* **About this task**: How many of the lines below have "Schaltblock" in them? Say the number and nothing more.

* **Dataset content**:
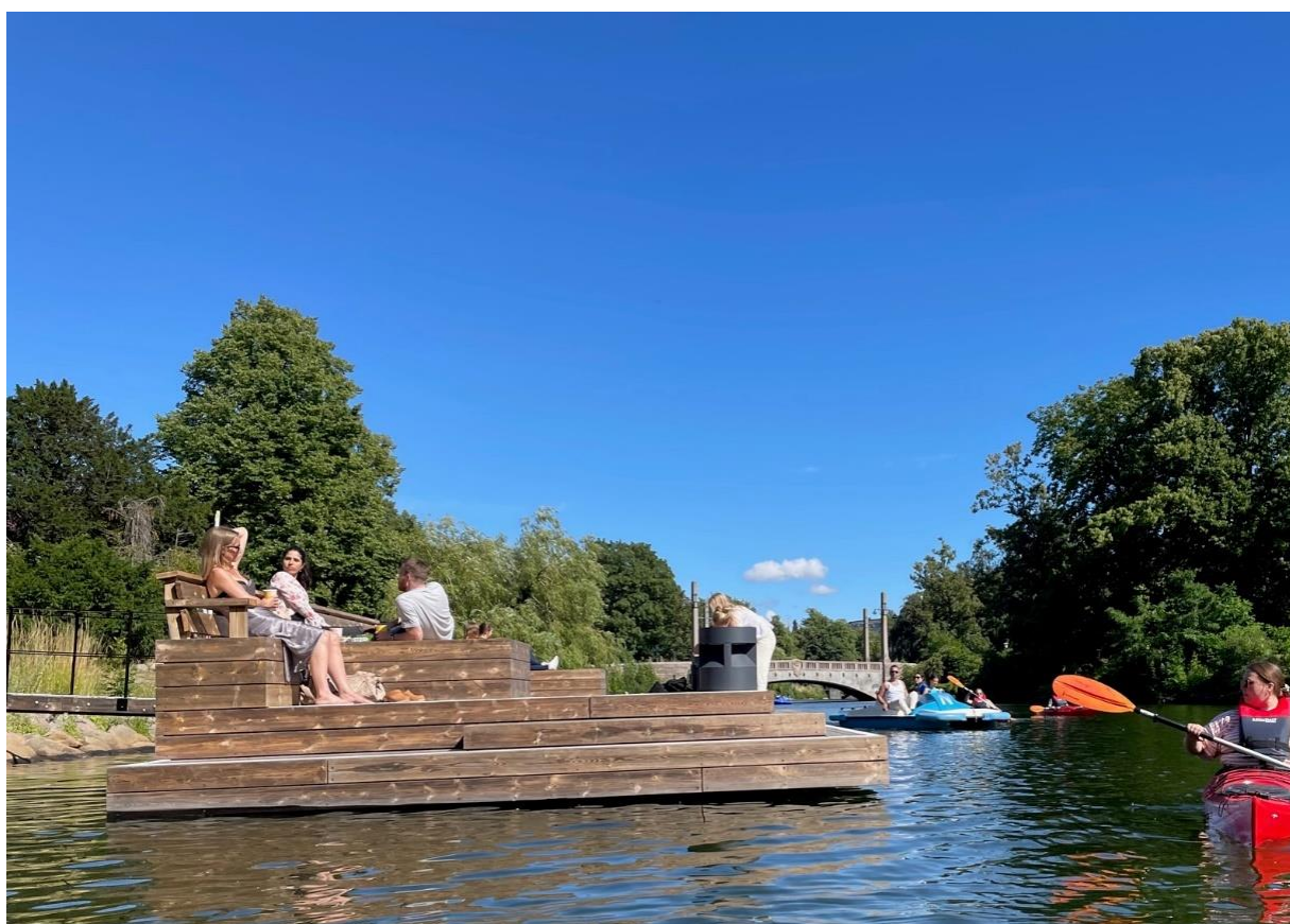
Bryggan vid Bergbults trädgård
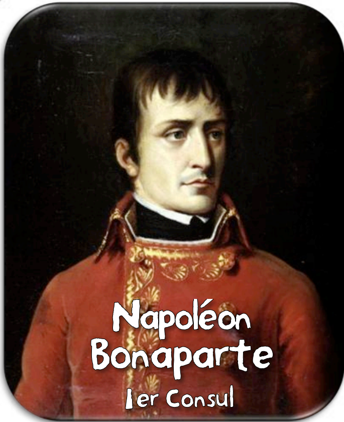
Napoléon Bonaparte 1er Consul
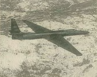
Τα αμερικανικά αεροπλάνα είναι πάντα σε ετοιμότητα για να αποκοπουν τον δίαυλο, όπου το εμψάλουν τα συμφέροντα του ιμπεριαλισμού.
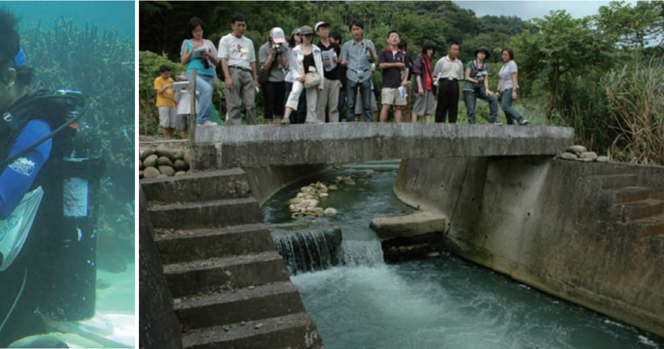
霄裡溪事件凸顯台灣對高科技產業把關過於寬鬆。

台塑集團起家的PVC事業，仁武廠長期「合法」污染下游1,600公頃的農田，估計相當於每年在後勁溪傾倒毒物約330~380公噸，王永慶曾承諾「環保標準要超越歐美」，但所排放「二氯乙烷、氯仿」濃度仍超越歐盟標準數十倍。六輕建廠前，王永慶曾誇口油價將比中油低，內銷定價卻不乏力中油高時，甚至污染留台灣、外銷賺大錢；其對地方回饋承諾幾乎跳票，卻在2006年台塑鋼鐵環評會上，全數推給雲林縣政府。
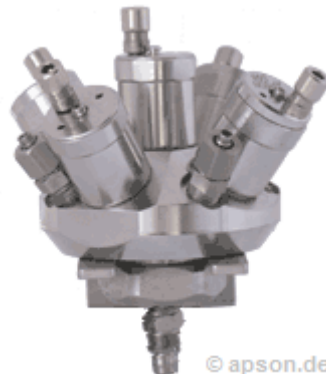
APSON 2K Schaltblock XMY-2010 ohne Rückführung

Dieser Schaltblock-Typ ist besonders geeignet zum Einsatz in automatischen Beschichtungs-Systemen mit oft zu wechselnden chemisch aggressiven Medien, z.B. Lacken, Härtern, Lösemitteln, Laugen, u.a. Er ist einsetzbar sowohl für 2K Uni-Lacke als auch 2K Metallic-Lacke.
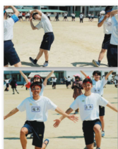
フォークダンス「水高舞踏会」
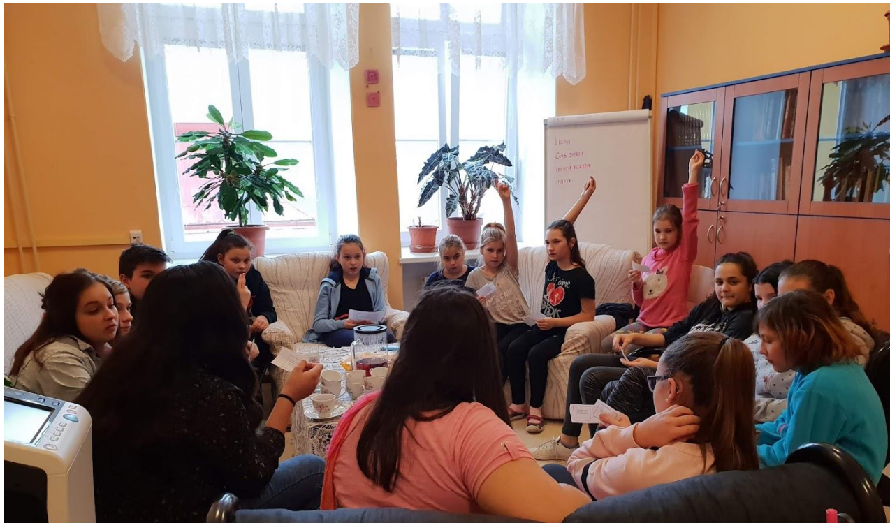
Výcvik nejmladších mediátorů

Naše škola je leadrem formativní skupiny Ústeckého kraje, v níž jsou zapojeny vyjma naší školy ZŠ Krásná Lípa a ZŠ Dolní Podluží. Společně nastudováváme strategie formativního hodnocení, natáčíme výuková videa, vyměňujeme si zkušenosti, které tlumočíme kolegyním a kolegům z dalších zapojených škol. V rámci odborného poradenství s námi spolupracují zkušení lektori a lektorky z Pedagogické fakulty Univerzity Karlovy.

* **Reply to the task**: 2